#### [ASSIGNED TASK]
Filtering the records below, copy only those lines that include the word "London".

#### [SOURCE RECORDS]
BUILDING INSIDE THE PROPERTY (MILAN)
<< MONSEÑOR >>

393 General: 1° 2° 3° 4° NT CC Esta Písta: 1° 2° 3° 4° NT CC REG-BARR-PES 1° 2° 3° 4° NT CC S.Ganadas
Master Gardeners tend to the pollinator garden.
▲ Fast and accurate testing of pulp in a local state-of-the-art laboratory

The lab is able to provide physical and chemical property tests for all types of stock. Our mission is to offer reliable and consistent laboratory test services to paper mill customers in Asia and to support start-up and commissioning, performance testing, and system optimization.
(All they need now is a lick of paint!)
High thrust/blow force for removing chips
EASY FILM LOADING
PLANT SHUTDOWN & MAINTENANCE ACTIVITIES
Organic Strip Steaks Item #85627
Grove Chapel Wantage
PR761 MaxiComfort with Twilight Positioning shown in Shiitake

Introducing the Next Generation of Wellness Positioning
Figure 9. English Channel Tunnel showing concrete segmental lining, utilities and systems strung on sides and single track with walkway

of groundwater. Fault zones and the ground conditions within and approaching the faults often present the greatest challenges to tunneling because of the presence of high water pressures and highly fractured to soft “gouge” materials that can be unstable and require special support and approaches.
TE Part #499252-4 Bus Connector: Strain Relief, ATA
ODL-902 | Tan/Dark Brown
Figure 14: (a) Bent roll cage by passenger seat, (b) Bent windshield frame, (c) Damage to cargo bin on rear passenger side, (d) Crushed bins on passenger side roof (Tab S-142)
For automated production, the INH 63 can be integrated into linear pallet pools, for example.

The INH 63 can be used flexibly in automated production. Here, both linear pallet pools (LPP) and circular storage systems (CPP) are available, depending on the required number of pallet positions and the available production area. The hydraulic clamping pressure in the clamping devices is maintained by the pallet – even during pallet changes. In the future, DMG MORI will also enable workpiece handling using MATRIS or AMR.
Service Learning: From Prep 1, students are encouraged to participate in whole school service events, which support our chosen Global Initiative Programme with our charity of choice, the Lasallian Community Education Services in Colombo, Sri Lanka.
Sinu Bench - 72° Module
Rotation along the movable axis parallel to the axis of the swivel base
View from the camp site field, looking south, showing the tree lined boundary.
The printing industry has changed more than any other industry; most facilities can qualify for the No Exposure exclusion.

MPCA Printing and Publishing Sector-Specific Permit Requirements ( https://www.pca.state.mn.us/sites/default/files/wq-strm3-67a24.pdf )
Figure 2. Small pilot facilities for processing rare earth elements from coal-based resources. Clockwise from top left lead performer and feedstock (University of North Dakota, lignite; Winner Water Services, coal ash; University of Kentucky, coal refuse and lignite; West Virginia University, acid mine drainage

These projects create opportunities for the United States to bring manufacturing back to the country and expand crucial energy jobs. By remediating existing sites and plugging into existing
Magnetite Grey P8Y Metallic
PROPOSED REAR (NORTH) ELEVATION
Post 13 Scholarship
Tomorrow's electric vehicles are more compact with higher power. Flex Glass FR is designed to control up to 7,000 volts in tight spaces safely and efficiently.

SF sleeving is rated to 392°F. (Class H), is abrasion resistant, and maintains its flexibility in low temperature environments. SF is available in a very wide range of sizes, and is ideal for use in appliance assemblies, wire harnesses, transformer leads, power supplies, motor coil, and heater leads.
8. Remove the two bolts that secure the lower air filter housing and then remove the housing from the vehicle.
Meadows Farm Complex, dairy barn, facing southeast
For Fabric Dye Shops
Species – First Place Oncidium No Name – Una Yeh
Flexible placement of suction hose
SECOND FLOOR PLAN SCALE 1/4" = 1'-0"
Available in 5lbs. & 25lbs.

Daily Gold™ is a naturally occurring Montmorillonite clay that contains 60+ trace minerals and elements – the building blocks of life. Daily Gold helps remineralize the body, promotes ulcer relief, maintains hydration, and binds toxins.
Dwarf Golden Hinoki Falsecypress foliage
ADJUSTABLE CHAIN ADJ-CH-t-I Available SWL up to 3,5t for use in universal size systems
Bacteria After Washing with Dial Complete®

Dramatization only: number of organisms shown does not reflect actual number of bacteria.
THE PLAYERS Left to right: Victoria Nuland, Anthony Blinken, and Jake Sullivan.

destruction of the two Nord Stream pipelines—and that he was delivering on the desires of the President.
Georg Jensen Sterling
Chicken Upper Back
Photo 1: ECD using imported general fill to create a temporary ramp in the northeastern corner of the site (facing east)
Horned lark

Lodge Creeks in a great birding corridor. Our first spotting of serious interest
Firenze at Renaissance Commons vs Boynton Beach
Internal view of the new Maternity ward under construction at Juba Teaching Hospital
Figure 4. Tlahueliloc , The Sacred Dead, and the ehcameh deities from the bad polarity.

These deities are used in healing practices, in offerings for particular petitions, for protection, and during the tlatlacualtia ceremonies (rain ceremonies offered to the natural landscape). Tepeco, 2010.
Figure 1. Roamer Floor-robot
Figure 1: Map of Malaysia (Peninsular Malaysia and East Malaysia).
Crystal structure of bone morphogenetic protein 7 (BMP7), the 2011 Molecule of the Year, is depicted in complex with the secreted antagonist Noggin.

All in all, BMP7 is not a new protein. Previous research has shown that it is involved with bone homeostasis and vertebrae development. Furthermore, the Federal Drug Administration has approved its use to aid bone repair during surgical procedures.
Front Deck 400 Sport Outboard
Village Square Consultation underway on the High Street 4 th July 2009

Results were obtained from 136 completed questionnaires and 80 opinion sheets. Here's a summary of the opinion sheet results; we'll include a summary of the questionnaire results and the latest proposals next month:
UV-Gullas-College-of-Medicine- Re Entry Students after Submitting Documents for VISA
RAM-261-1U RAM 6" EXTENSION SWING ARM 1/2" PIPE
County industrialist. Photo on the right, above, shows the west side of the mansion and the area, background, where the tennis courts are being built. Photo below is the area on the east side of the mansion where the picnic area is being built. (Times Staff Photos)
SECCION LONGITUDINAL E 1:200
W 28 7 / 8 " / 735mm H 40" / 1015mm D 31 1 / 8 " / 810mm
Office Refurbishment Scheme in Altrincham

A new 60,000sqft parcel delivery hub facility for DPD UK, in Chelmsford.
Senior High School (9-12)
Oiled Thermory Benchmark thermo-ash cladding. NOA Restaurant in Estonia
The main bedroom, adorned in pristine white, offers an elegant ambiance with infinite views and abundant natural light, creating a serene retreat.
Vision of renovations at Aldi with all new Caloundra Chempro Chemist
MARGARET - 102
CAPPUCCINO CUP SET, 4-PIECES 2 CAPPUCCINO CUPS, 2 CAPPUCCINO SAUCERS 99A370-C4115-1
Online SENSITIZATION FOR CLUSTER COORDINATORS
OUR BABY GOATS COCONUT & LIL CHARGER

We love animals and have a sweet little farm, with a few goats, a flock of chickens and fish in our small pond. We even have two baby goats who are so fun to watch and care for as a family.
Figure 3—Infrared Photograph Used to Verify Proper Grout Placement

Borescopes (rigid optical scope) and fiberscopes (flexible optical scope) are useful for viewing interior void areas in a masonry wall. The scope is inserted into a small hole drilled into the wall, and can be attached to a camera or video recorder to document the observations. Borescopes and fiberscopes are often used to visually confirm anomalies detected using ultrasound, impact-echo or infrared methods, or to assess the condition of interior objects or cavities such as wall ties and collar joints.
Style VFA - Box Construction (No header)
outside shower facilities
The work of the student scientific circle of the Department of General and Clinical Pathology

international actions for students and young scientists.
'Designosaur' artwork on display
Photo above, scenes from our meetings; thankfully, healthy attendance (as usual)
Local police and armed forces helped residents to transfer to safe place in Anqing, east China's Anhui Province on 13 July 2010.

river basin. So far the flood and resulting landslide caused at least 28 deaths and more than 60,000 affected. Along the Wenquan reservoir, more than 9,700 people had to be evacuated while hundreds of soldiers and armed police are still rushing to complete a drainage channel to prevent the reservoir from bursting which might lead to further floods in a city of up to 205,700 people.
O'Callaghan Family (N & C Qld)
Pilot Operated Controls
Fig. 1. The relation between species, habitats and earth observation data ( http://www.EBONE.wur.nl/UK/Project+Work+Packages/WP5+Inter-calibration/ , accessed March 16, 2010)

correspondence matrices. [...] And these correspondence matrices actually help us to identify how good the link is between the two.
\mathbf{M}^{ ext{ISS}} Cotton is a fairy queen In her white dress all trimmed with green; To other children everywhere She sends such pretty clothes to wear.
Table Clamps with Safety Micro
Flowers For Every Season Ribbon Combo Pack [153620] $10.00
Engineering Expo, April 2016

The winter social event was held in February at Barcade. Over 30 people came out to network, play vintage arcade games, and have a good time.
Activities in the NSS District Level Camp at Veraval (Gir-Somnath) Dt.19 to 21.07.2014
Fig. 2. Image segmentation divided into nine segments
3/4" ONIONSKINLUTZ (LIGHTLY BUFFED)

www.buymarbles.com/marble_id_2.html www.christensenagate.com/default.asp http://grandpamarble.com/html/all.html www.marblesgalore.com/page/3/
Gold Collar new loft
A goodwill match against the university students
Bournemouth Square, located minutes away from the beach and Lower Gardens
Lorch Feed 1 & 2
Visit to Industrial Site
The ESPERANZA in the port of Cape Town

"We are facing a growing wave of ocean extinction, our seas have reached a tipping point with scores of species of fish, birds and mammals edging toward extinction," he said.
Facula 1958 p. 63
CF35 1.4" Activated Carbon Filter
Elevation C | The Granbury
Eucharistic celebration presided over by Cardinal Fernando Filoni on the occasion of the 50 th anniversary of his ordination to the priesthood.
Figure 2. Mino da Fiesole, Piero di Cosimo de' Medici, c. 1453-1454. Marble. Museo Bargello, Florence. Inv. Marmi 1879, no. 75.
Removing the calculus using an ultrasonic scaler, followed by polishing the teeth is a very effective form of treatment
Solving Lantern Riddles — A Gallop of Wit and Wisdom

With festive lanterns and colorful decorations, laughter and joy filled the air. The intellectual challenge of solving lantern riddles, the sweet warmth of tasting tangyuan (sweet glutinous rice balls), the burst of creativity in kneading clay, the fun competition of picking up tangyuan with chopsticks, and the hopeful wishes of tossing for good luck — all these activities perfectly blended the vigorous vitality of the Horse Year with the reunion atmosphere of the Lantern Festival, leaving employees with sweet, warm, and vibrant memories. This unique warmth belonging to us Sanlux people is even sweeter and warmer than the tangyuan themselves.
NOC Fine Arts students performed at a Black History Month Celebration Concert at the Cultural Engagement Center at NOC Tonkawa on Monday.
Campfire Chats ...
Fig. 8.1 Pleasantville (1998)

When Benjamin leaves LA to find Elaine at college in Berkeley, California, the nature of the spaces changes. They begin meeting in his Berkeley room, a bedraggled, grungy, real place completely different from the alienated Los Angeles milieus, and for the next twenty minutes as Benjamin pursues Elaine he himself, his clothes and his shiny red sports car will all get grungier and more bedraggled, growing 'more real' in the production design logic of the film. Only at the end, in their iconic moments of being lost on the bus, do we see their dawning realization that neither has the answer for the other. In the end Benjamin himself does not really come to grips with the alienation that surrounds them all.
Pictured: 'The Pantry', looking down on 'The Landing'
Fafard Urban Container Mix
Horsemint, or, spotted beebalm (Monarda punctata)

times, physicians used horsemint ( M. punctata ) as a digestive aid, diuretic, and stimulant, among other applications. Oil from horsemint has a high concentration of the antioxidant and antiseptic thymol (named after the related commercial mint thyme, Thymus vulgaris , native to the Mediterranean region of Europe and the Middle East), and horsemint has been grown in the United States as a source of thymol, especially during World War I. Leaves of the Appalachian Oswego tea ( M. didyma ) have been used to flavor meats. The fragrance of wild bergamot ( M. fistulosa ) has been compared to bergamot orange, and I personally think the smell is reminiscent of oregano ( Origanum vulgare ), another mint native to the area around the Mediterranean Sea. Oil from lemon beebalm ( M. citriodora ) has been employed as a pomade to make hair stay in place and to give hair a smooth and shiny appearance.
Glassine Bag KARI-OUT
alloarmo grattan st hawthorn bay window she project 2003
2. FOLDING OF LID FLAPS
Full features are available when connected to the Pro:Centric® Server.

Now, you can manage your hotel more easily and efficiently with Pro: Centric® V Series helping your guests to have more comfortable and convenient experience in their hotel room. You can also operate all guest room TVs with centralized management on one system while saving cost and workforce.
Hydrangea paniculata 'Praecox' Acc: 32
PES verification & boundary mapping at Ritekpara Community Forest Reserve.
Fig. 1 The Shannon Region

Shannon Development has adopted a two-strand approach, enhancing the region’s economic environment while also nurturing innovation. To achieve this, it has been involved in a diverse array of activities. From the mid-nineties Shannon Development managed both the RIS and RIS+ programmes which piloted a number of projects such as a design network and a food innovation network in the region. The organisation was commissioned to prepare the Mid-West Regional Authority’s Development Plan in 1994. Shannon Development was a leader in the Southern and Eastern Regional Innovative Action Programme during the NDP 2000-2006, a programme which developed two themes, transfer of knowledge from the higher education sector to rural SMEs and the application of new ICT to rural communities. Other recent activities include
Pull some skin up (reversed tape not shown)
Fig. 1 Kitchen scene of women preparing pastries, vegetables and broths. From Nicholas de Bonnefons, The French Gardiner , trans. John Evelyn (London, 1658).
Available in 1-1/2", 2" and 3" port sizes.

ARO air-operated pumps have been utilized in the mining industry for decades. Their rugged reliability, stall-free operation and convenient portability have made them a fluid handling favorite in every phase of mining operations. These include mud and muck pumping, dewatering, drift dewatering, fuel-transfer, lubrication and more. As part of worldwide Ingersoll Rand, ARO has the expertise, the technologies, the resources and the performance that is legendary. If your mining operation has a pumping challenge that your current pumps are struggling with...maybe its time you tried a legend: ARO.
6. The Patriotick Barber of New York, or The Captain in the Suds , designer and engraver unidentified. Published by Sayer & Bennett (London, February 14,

#### [ANSWER TO THIS PROBLEM]
Fig. 1 Kitchen scene of women preparing pastries, vegetables and broths. From Nicholas de Bonnefons, The French Gardiner , trans. John Evelyn (London, 1658).
6. The Patriotick Barber of New York, or The Captain in the Suds , designer and engraver unidentified. Published by Sayer & Bennett (London, February 14,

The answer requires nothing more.